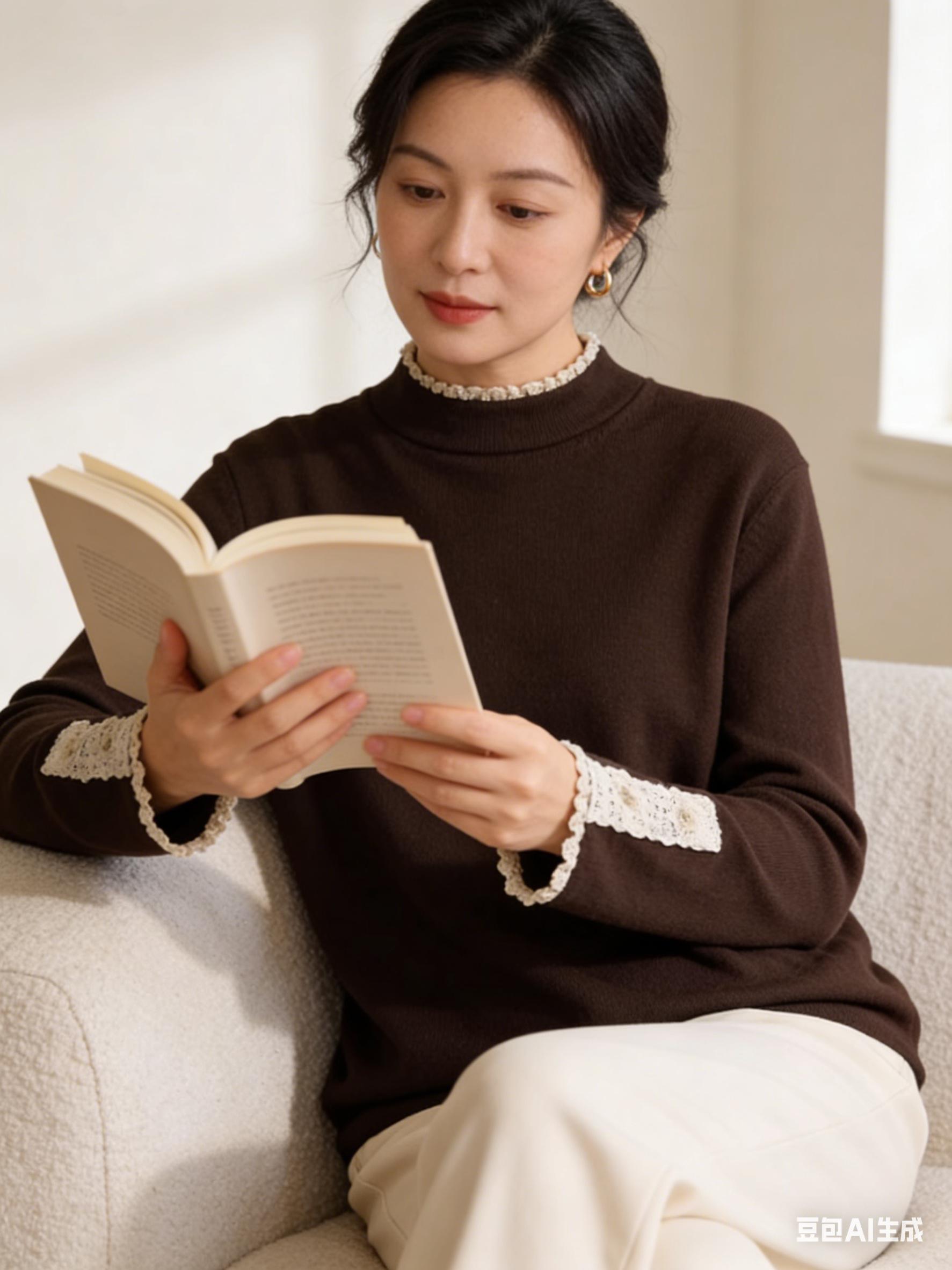 秋冬德绒花边领洋气百搭长袖保暖打底衫!
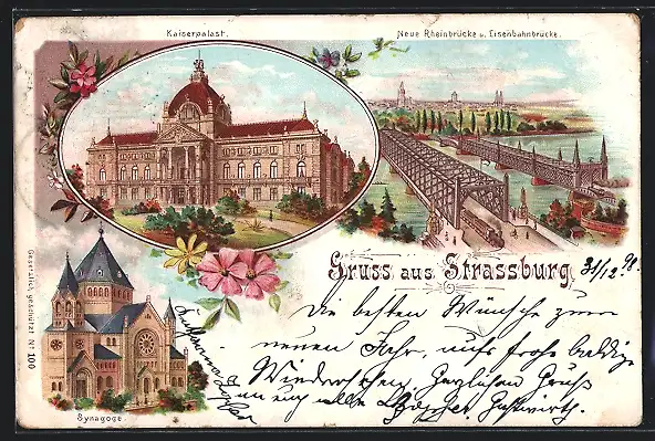 Lithographie Strassburg, Synagoge, Kaiserpalast, Neue Rheinbrücke
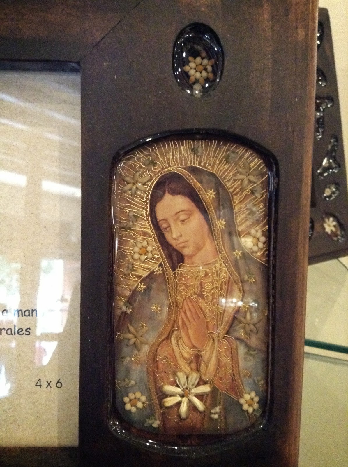 | 07/06/14 Market Teotihuacán, México The image of the Virgin of Guadalupe is simple. The complexion of her and the angel are darker showing the indigenous side. |
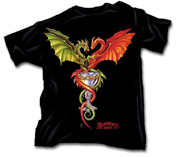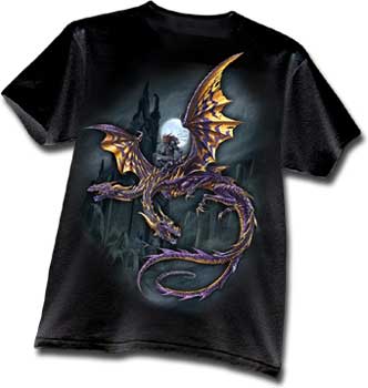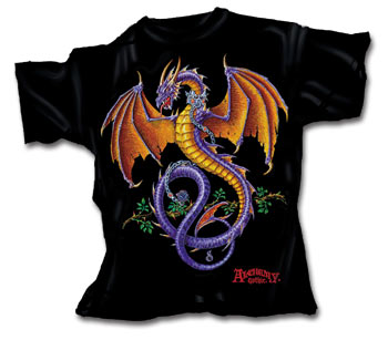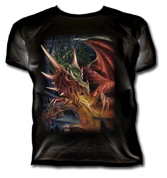 | Descent of the Dyad - Moments before the chaos... This T-shirt pictures a double-headed flying dragon ridden by a fiend ready to strike! |

**Action item**
A verbatim copy of the data, with all pictures omitted, is the required output.

**Solution below**
 秋冬德绒花边领洋气百搭长袖保暖打底衫!
 Lithographie Strassburg, Synagoge, Kaiserpalast, Neue Rheinbrücke
 | 07/06/14 Market Teotihuacán, México The image of the Virgin of Guadalupe is simple. The complexion of her and the angel are darker showing the indigenous side. |
 | Descent of the Dyad - Moments before the chaos... This T-shirt pictures a double-headed flying dragon ridden by a fiend ready to strike! |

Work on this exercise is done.